Start of Block

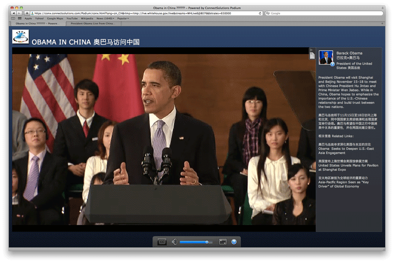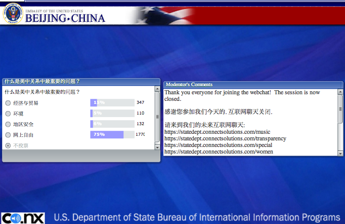 On Friday, the Co.Nx team at the State Department opened up an Adobe Acrobat Connect Pro chat room on our QuickConnect Platform where Chinese citizens were encouraged to submit questions for President Obama and share their biggest concerns. What was most clearly articulated in the chat room was an apprehension over the censorship of the internet in China, and a growing movement was revealed. In fact, over 75% of respondents in the chat room cited internet censorship as their greatest concern. They dubbed this the “Great Firewall of China” and they aligned themselves with the 20th Anniversary of the Berlin Wall coming down, speaking out against what they perceived to be widespread government censorship of the internet.
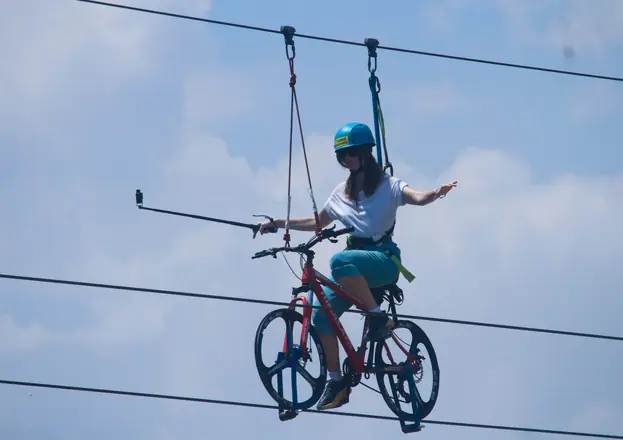 Skycycling goes on near Sarangkot in Pokhara. A high-wire cycle hangs above the hillside there. Riders pedal while suspe...
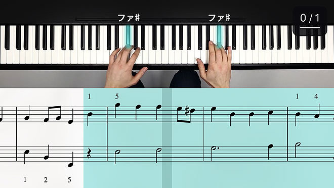 ▲左手で二つの音を弾くステップの練習曲は「夜が明けた」。数小節ずつに分けて、左手と右手を個別に練習。続いて両手で演奏。最後に全体を通して演奏するのだが、さっきまでは弾けていたはずの最初のパートが弾けなくなっていたりする。

End of Block

Only the lines from the beginning of the listing through the line with "Skycycling goes on", both ends included, are to be repeated exactly; pictures stay out.

 On Friday, the Co.Nx team at the State Department opened up an Adobe Acrobat Connect Pro chat room on our QuickConnect Platform where Chinese citizens were encouraged to submit questions for President Obama and share their biggest concerns. What was most clearly articulated in the chat room was an apprehension over the censorship of the internet in China, and a growing movement was revealed. In fact, over 75% of respondents in the chat room cited internet censorship as their greatest concern. They dubbed this the “Great Firewall of China” and they aligned themselves with the 20th Anniversary of the Berlin Wall coming down, speaking out against what they perceived to be widespread government censorship of the internet.
 Skycycling goes on near Sarangkot in Pokhara. A high-wire cycle hangs above the hillside there. Riders pedal while suspe...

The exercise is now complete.